Слова эти были сказаны более серьезно, нежели того требовал мой вопрос, и тотчас доктор, закрыв глаза, сделал вид, что заснул, а затем вскоре усталость прервала и все мои путающиеся думы о наших дневных приключениях.

На другой день, рано утром, сопровождаемые низкими поклонами хозяина, мы пустились далее в дорогу, направляясь к Мюнстерейфелю[8], красивому местечку на берегу Эрфта, со старинной церковью; там мы отдыхали, без особых, на этот раз, происшествий. Оттуда мы свернули несколько на восток, держа путь на Арские горы по землям архиепископства Трирского, где на каждом шагу чувствовался достаток жизни, созданный мудрым управлением покойного архиепископа Рихарда фон Грейффенклау[9]. В тот день я опять упорно вызывал доктора Фауста на разговор и монологи, так как необходимо было мне непрестанно сосредоточивать внимание, чтобы подавить в душе ту тягостную тоску по Ренате и по потерянному блаженству, которая, несмотря на все превратности странствия, от времени до времени подымалась в моей душе, как подымаются в свой час горячие воды в исландских источниках.

На склоне дня, проехав Фрейсхейм, стали подумывать мы, где нам провести эту ночь, когда вдруг неожиданное событие изменило все наши предположения, а меня, путем непредвиденным и изогнутым, повело к роковой развязке той горестной истории, которую я передаю на этих страницах.

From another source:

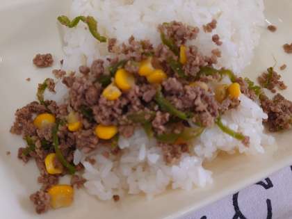 献立は、3色丼、3色スープ、3色酢のものです。

Это событие стоит, как звено, в том ряду случайностей, которые своим осмысленным постоянством заставляют меня почитать жизнь не игралищем слепых стихий, но творением искусного художника, изваянным по определенному и дивно совершенному замыслу.

Уже некоторое время любопытство наше привлекал красивый замок, стоявший на высоком берегу Вишеля, долиной которого мы ехали, и господствовавший над всем горизонтом своими четвероугольными башнями старинной стройки. Когда, после одного изгиба реки, мы оказались совсем от него поблизости, мы заметили, что к нам быстро приближается верховой, размахивая шляпой и явно делая нам знаки. Тогда Мефистофелес приказал остановить лошадей, а вестовой, одетый как герольд на турнире, подъехал и, учтиво кланяясь, сказал:

— Мой господин, граф Адальберт фон Веллен, владелец этого замка, приказал мне осведомиться: не вы ли знаменитый доктор теологии, философии, медицины и права Иоганн Фауст из Виттенберга, который должен был проехать через наши земли по пути в город Трир?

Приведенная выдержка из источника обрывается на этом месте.